Mia le lanzó una mirada. En un mundo donde la mayoría de la gente se moría de hambre, Sean se las había apañado para ganar peso. A pesar de los constantes viajes y peleas, el tío no se saltaba ni una comida. Su cara se había vuelto decididamente más redonda.
«Quizá la estupidez sea realmente un rasgo de supervivencia…»
Justo en ese momento, el anciano de antes se acercó arrastrando los pies, todavía con la misma sonrisa espeluznante.
—Bueno, amigos —dijo, con voz grave pero educada—. Hora de pagar la cuenta.
Chris y los demás se giraron para mirarlo. De cerca, su rostro era aún más esquelético, y las profundas arrugas proyectaban sombras que le hacían parecer sacado de una película de terror.
Y todos lo sabían: este tipo no era humano.
—¿Cuánto es? —preguntó Ethan con naturalidad.
La sonrisa del anciano no vaciló. —No mucho.

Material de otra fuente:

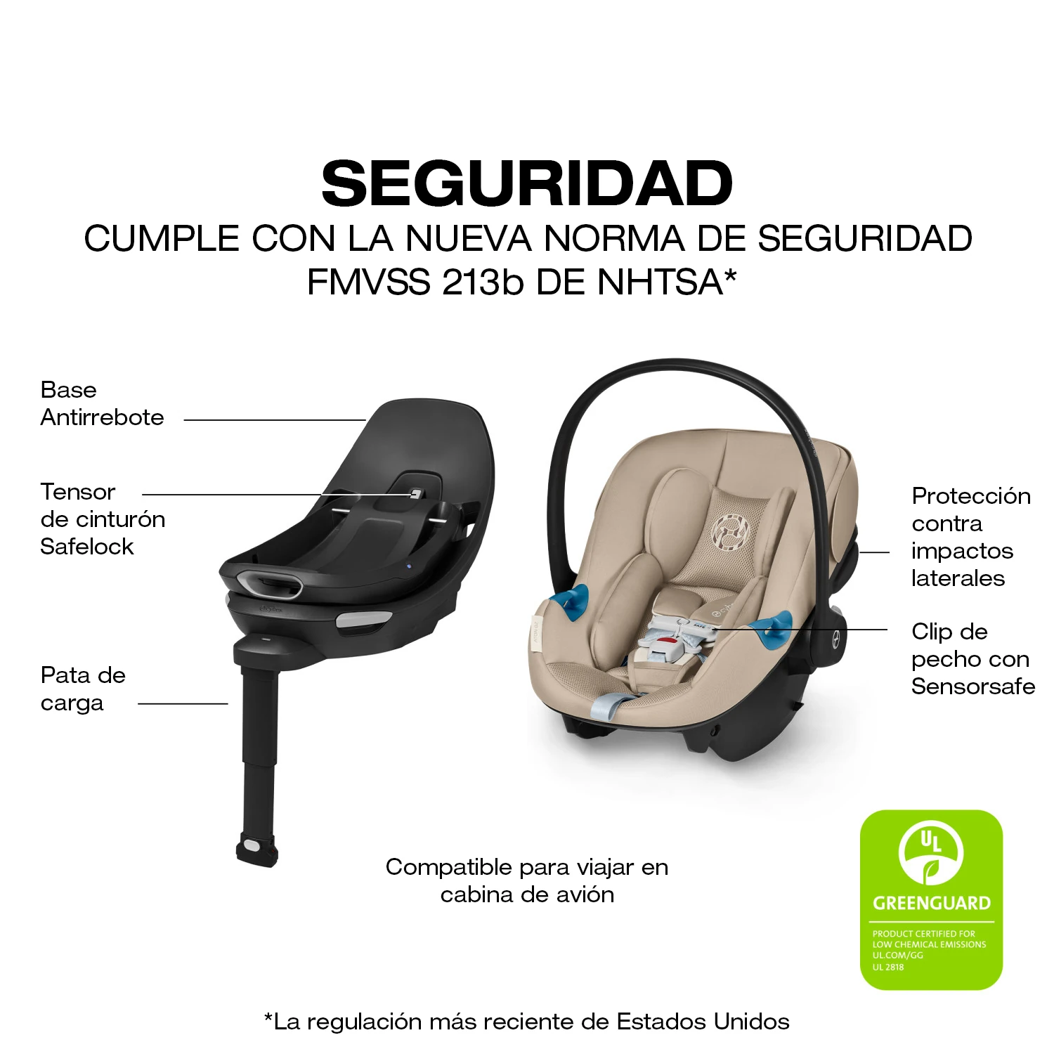La experiencia se complementa con SensorSafe Smart Technology, un sistema de monitoreo inteligente que se conecta al celular vía Bluetooth y envía alertas en tiempo real si el clip de pecho se desabrocha, si la temperatura del asiento trasero es inadecuada o si el bebé queda accidentalmente en el vehículo. Todo esto bajo certificación GREENGUARD Gold, garantizando materiales de bajas emisiones químicas.

Solo un núcleo de cristal de grado A por toda la comida.
La mesa se quedó en un silencio sepulcral.
Entonces Chris prácticamente saltó de su asiento. —¿¡Un núcleo de grado A!? ¡¿Por esta comida?! ¡¿Sabe siquiera lo que vale un núcleo de grado A?! ¡¿Por qué no nos atraca a punta de pistola y ya está?!
—Sé perfectamente lo que vale —dijo el anciano con calma, como si hubiera esperado esa reacción.
En el estado actual del mundo, un núcleo de grado S podía convertirte en un señor de la guerra regional. Los núcleos de grado A seguían siendo increíblemente raros y valiosos: se usaban para alimentar armas de alto nivel, tecnología o incluso para mejorar habilidades. ¿Cambiar uno por un plato de costillas y macarrones con queso? Una locura.
—Pero ese es el precio aquí —continuó el anciano, sin dejar de sonreír—. Si no quieren pagar… siempre puedo llamar a los guardias del pueblo.